• Requirement: Nothing but the pictures should be left out when the entries below are duplicated.

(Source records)
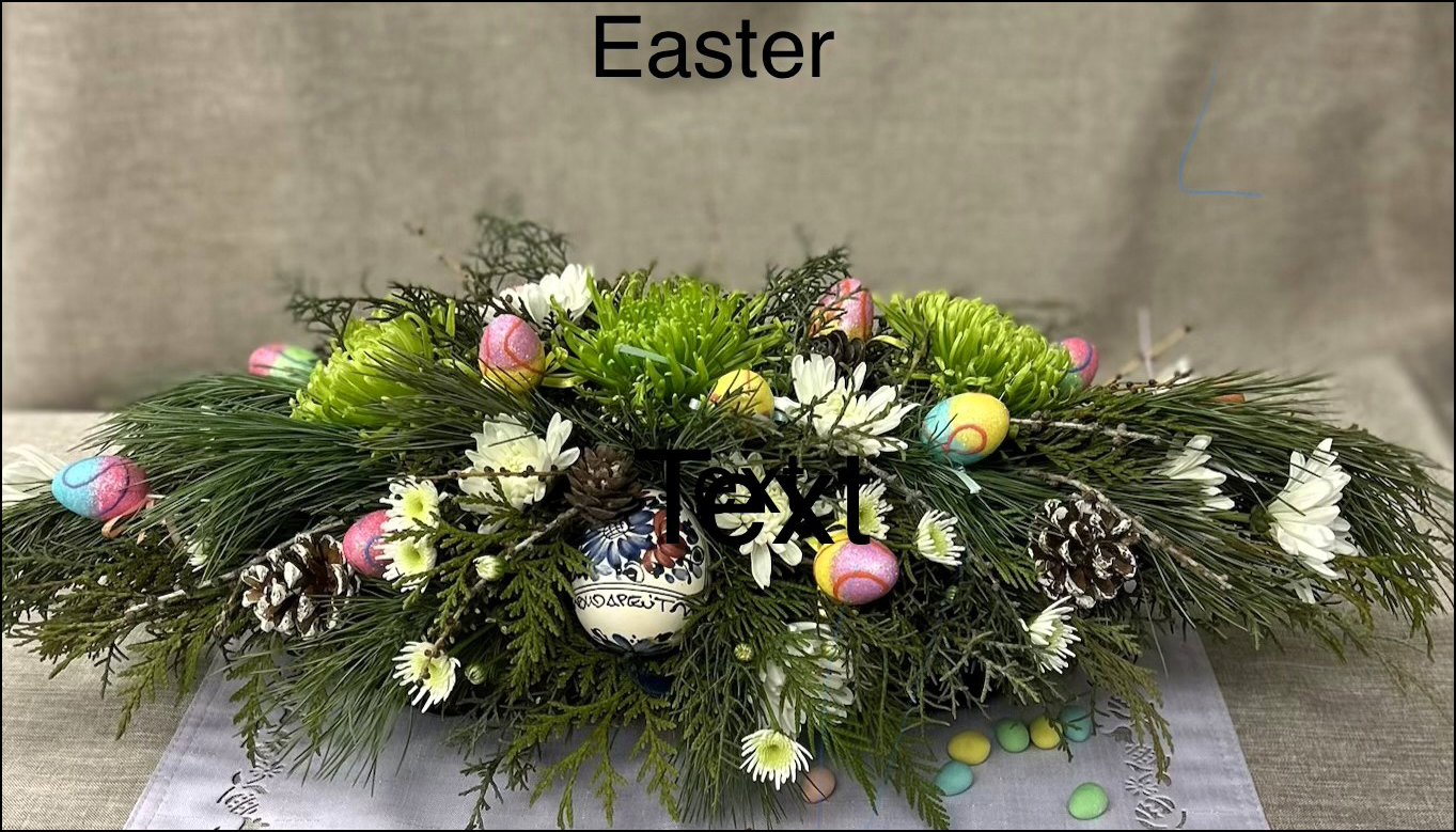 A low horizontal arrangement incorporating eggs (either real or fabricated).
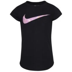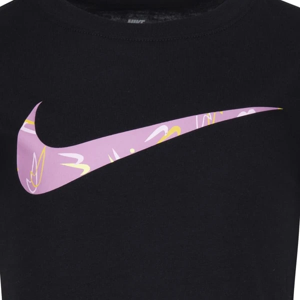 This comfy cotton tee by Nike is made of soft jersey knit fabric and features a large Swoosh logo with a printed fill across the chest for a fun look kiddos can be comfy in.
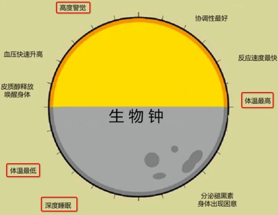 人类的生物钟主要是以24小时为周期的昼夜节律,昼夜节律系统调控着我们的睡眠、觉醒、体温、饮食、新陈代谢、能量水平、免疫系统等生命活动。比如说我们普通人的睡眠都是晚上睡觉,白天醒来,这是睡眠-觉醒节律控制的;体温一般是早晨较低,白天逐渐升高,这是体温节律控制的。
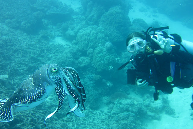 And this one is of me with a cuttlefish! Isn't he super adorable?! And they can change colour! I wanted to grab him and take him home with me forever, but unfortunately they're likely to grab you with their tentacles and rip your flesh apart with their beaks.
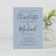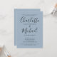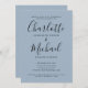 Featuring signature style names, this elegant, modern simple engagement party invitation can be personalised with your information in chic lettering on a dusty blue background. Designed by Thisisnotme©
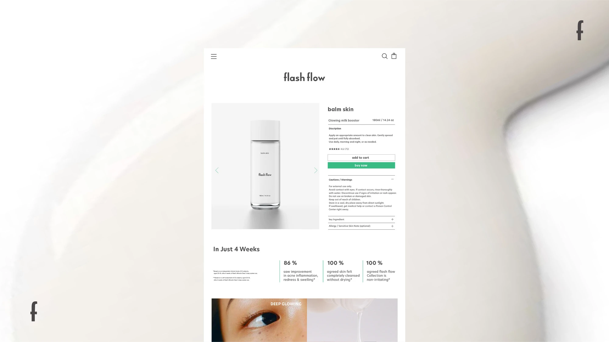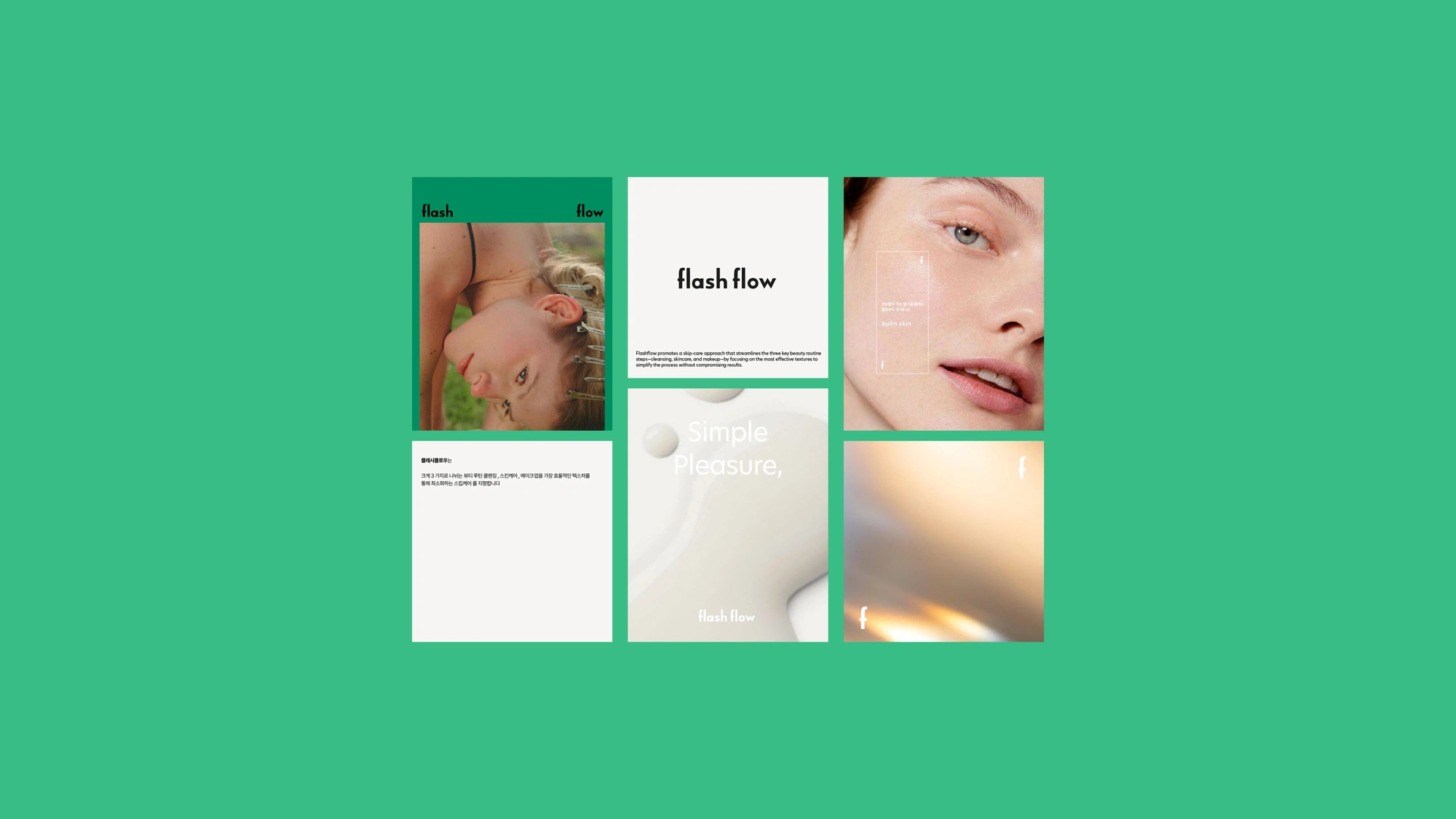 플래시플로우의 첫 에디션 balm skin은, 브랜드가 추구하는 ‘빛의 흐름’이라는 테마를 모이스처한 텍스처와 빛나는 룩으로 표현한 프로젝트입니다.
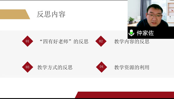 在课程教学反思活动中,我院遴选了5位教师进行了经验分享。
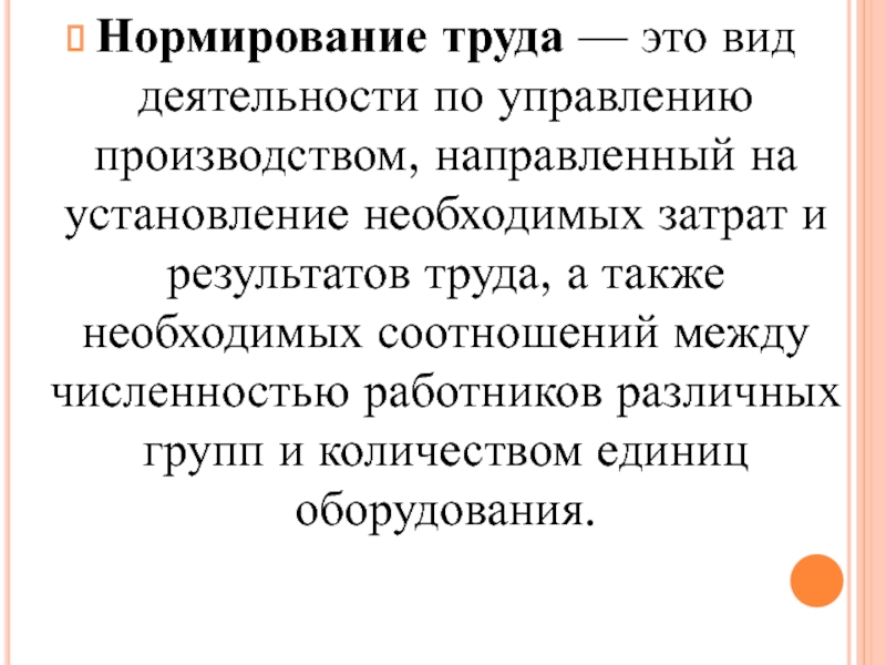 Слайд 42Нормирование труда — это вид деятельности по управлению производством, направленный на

• Exercise output:
 A low horizontal arrangement incorporating eggs (either real or fabricated).
 This comfy cotton tee by Nike is made of soft jersey knit fabric and features a large Swoosh logo with a printed fill across the chest for a fun look kiddos can be comfy in.
 人类的生物钟主要是以24小时为周期的昼夜节律,昼夜节律系统调控着我们的睡眠、觉醒、体温、饮食、新陈代谢、能量水平、免疫系统等生命活动。比如说我们普通人的睡眠都是晚上睡觉,白天醒来,这是睡眠-觉醒节律控制的;体温一般是早晨较低,白天逐渐升高,这是体温节律控制的。
 And this one is of me with a cuttlefish! Isn't he super adorable?! And they can change colour! I wanted to grab him and take him home with me forever, but unfortunately they're likely to grab you with their tentacles and rip your flesh apart with their beaks.
 Featuring signature style names, this elegant, modern simple engagement party invitation can be personalised with your information in chic lettering on a dusty blue background. Designed by Thisisnotme©
 플래시플로우의 첫 에디션 balm skin은, 브랜드가 추구하는 ‘빛의 흐름’이라는 테마를 모이스처한 텍스처와 빛나는 룩으로 표현한 프로젝트입니다.
 在课程教学反思活动中,我院遴选了5位教师进行了经验分享。
 Слайд 42Нормирование труда — это вид деятельности по управлению производством, направленный на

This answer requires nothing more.